O mundo em crescente risco nuclear e o cinismo militante
Enio Lins*
Em sua edição de 16 de janeiro, a Folha de São Paulo publicou instigante matéria com o título “’Irã cruzou todas [as] linhas vermelhas rumo à bomba atômica’, alerta ONU”. Puxa vida! A morte ensombra o mundo quando se fala em armamento nuclear.
Desde que os Estados Unidos usaram como cobaias Hiroshima e Nagasaki, o mundo vive o terror de acontecer outra matança atômica. Com razão, pois o uso da energia nuclear provou sua supremacia letal frente todas as demais armas.
Nessa reportagem da Folha, a fala entre aspas é do diretor-geral da Agência Internacional de Energia Atômica (AIEA), Rafael Grossi, que declarou “a comunidade internacional está assistindo o Irã cruzar as ‘linhas vermelhas’ estabelecidas por seus adversários rumo à fabricação de uma bomba atômica”.
QUEM PODE TER BOMBA NUCLEAR?
Grossi deveria ter ficado vermelho de vergonha ao falar essa frase. Verdadeiras palavras, ao reconhecer – em primeiro lugar – que os tais marcos de proibição foram estabelecidos pelos adversários do país acusado de montar sua primeira bomba.
Deveria a ONU se ruborizar pela vergonhosa posição de silenciar sobre uns e vociferar sobre outros dentre os países com armamento nuclear, apesar de ser óbvio que as Nações Unidas jamais tiveram poder para deter esse processo.
Vergonha, para o dito mundo civilizado, é a dubiedade de posicionamento e a incapacidade de órgãos como a ONU de se postarem de forma independente e crítica, sem vezo político, frente à corrida armamentista de destruição em massa.
Isso posto, é fundamental criticar o cinismo de apontar apenas para um ou outro país fora do sistema de dominação hegemônica como o único responsável pelo mundo viver à beira de uma catástrofe sem precedentes.
VILANIAS UNILATERAIS
Pelas normas das potências hegemônicas que afloraram das cinzas da II Grande Guerra Mundial, “apenas cinco países” poderiam ter armas nucleares: Estados Unidos, Rússia, China, França e Grã-Bretanha.

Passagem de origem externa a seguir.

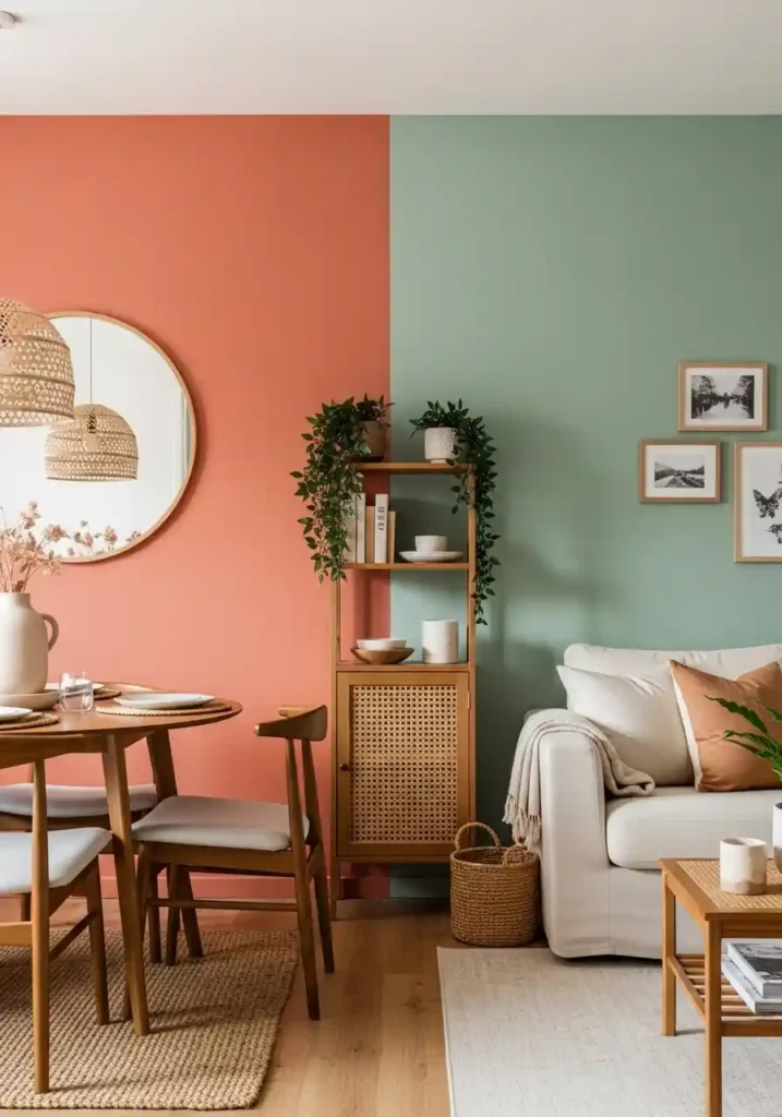 Choose two colors that are in the same temperature family — two warm earth tones, two cool naturals, or two neutral-adjacent shades — so that the two zones feel like chapters in the same color story rather than competing decorative schemes. The furniture throughout both zones can remain in a consistent neutral palette that bridges the two accent colors, allowing the color on the walls to do the zoning work while the furniture maintains a cohesive, unified aesthetic across the complete combined space.

Oquei?
Mas a este quinteto atômico, somaram-se Índia, Paquistão, Israel e Coreia do Norte. O clubinho agora tem nove países aptos a darem fim ao mundo. Quais critérios que a ONU usa para falar em “linhas vermelhas” para A ou B? Os dos inimigos de A ou de B?!
Só para citar dois países com posturas agressivas: se Israel e Coreia do Norte estão com armas atômicas nos coldres, como criticar outras nações por passearem nesse faroeste mundial com ogivas nucleares nas suas cartucheiras?
CINISMO CONIVENTE
Desde o fim da Guerra da Coreia, em 1953, a estrepitosa Coreia do Norte só faz esbravejar, mas não ataca ninguém. Israel, a partir do atentado ao Hotel Rei Davi (em 1946, antes mesmo de sua fundação oficial em 1948), é puro terror e morte contra quem considera inimigo.

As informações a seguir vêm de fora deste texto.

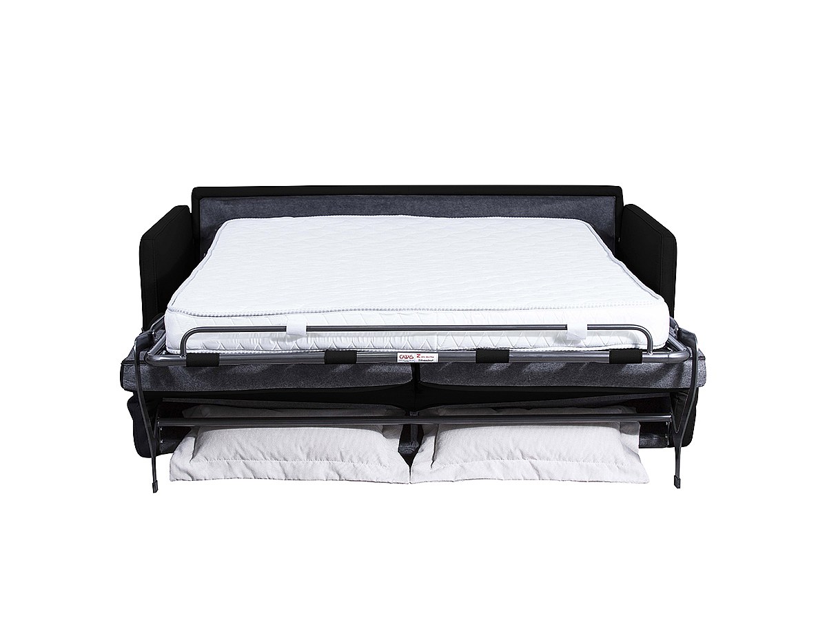 Mécanisme convertible express : quelques secondes suffisent à transformer le canapé NADOA en couchage : tirez simplement sur la poignée située derrière les coussins de dossier pour déplier le matelas !

E mais: o Irã, profundamente reacionário e obtuso em seu fundamentalismo, depois do poder xiita, só guerreou contra o Iraque, mas tem sido alvo constante de ações terroristas do serviço secreto israelense – sem direito a “autodefesa”.
Correto mesmo, apesar de inviável na prática, é a ONU defender intransigentemente o desarmamento nuclear e desativação de todas as armas de destruição em massa, denunciado todo e qualquer país que invista nesse segmento letal. Um sonho impossível? Sim, nos marcos contemporâneos, mas é um princípio ético que não pode continuar a ser usado como referência de cinismo e politicagem.